What do you mean by anatomy and physiology?
Written by Marydel O. Cagadas
Defining anatomy will lead you to its Greek origin broken down into, ana which means “up” and temnein – “to cut.” Physiology formulated by the Greek terms physis – “nature or origin” and logia – “study of.”
Anatomy aims to understand the organs and structures of an organism. It started in Ancient Greece and developed through the time of the Renaissance. From dissection, it progressed to the use of technology such as non-invasive imaging.
To explain further, it provides you a context for the structure and location of all organs in the body. This field studies every part of a human. You will learn starting from molecules to cells up to how they form a functional whole.
From its word breakdown, you can’t still define physiology. It provides insights into the mechanical, physical, etc., processes supporting the body’s function. It’s centered on letting you learn the function of cells, organs, and tissues and how they work.
To recall, remember the direct definition of the two essential terms. Anatomy concentrates on the structure and relationships of the parts which compose an organism. In contrast, physiology focuses on the function of the body and its components.
What do you study in anatomy and physiology?
You have acquired an overview of what lessons are in both fields in the definition earlier. A&P is essential to those who are in the medical area. Of course, you’ll need to learn about the structure of the body and how it functions.
You’ll be able to gain knowledge about the causes, diagnoses, and treatment of diseases. Following these is knowing the effects of different conditions leading to discoveries. Knowing this information helps combat certain illnesses which can be life-threatening.
For example, you could learn how to develop cells or the different muscles used while doing sports. Controversial topics are also present, such as cell cloning, genetic engineering, or the impact of COVID-19 on a human being. These things may sound complex, but they could help you in many ways as they are observable in your everyday life.

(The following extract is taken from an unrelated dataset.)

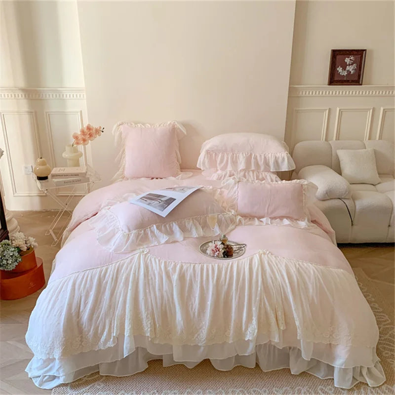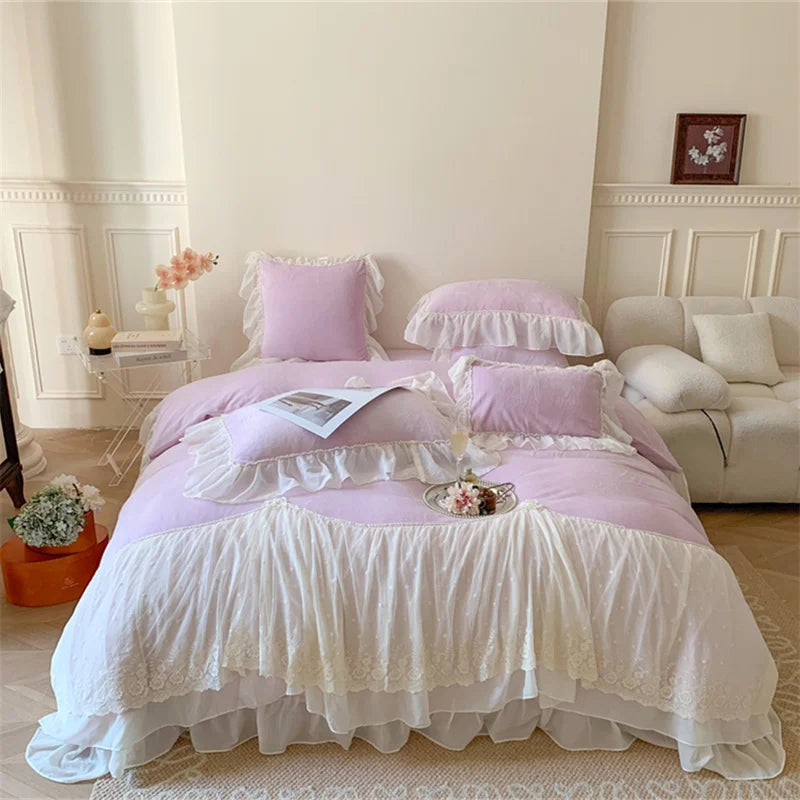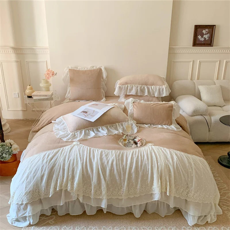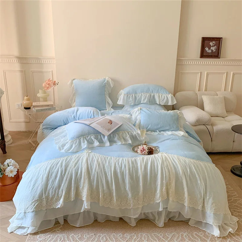 DecorBites™ French Princess Velvet Bedding Set, Queen Size with Lace Ruffles

Through A&P, you’ll be able to learn two distinct approaches to study a living organism. In anatomy, the focus will be on the structure of the organs and tissues that make up the biological systems. In comparison, physiology will always point out the functions of the different organ systems and their components.
Both areas of science are broad but are necessary. For someone who aims to be part of the medical workforce, a complete understanding of both A&P is essential. These fields may be vast, but one can familiarize and master both with reasonable effort and technique.

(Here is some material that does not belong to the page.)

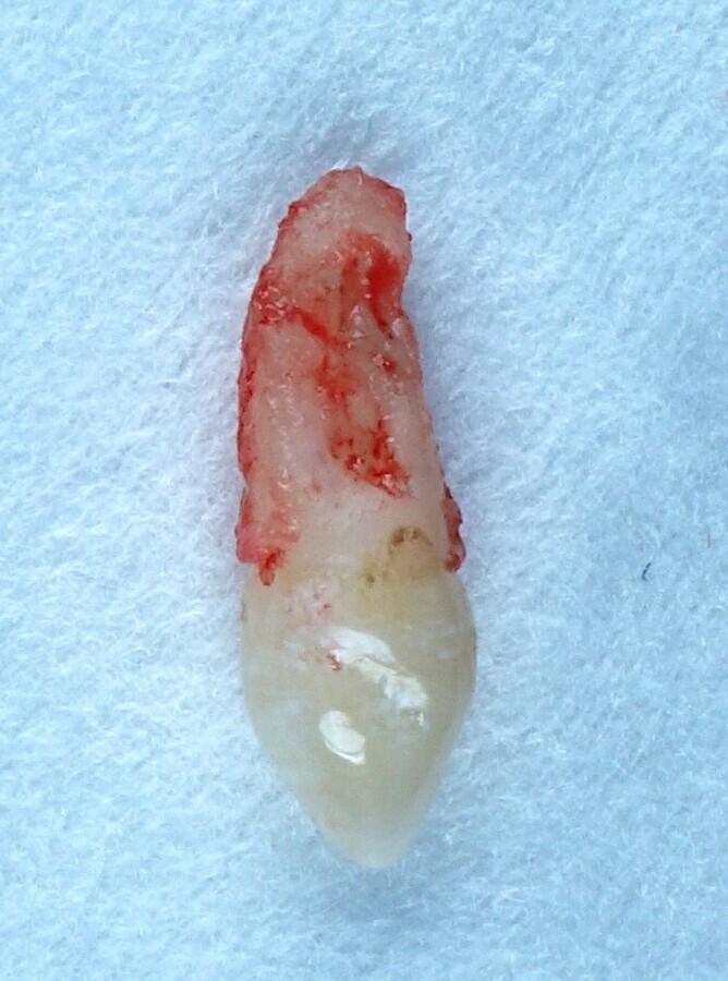 Figura 2. Exodoncia del diente 22, que presentó microdoncia aislada.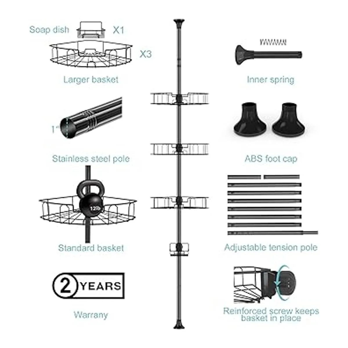 Garantía y montado en cualquier lugar: cada organizador de ducha de esquina tiene 24 meses de garantía. El reemplazo o está disponible una vez que nos envíes un mensaje. Fácil montaje sin herramientas, materiales y paredes de perforación. Mide el espacio que deseas localizar el organizador de ducha de tensión, para que puedas utilizar los postes adecuados para el área designada

What are the 5 branches of anatomy?
As we all know, there are different branches in this field. There are two major types: Gross (Macroscopic) and Microscopic. Gross or macroscopic are observable through your naked eye, while microscopic studies the tiny anatomical structures.
These two significant types mentioned above have other subdivisions or classifications.

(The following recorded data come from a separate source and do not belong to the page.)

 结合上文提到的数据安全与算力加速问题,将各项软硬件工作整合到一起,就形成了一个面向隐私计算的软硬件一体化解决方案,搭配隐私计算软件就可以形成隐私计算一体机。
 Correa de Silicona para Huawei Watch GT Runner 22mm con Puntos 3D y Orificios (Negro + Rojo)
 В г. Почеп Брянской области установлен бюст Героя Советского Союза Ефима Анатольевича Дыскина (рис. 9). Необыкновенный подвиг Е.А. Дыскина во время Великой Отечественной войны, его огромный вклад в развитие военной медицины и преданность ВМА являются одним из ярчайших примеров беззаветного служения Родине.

For Gross, which focuses on the external and internal organs, there are three different fields:
- Surface or Superficial – is the study of external anatomical feature which doesn’t need dissection.
- Regional – concentrates on a human’s specific external and internal regions (e.g., head or chest). This type includes the unity of different systems in a particular area.
- Systemic – this branch emphasizes the structure of different organ systems (e.g., circulatory or nervous system.) This branch gauges the position and structure of deeper organs, tissues, and organ systems.
Moving on towards microscopic, which helps you understand cells and tissues, there are two classifications, which are as follows:
- Cytology – studies the structure and function of cells.
- Histology – explains the details and organization of biological tissues.
The branches mentioned above are only the branches that aid you in learning the structure of humans, also known as anthropotomy (Study.com). There are still many branches that you can discover and here are few more examples:
- Zootomy – the anatomical study of animals.
- Phytotomy – the anatomical study of plants.
- Comparative Anatomy – compares the anatomical characteristics of different organisms.
What are the basics of anatomy?
In such a broad topic as this topic, you would wonder how to start learning this field. For an easier route to explain the basics, there are two objectives you need to achieve:
- Identify specific terms used to describe directions and positions.
- Describe the different organ systems.
Starting with the first objective, the following are the anatomical terms you need to remember:
- Anatomical position – standard reference position for the body in the study of anatomy. In this specific position, the body stands erect, facing the observer, arms down at the sides, and palms facing front.
- Plane – a flat surface formed when slicing through a solid object. A plane is observable when you cut through a dummy or imaginary human body.
- Midline – the imaginary line drawn down the center of the body. This divides it into right and left halves. This is in line with the navel.
- Medial – refers to a position closer to the midline. For example, you would say: “The bridge of the nose is medial to the eyes.”
- Lateral – refers to a position farther away from the midline. Example: The ears are lateral to the nose.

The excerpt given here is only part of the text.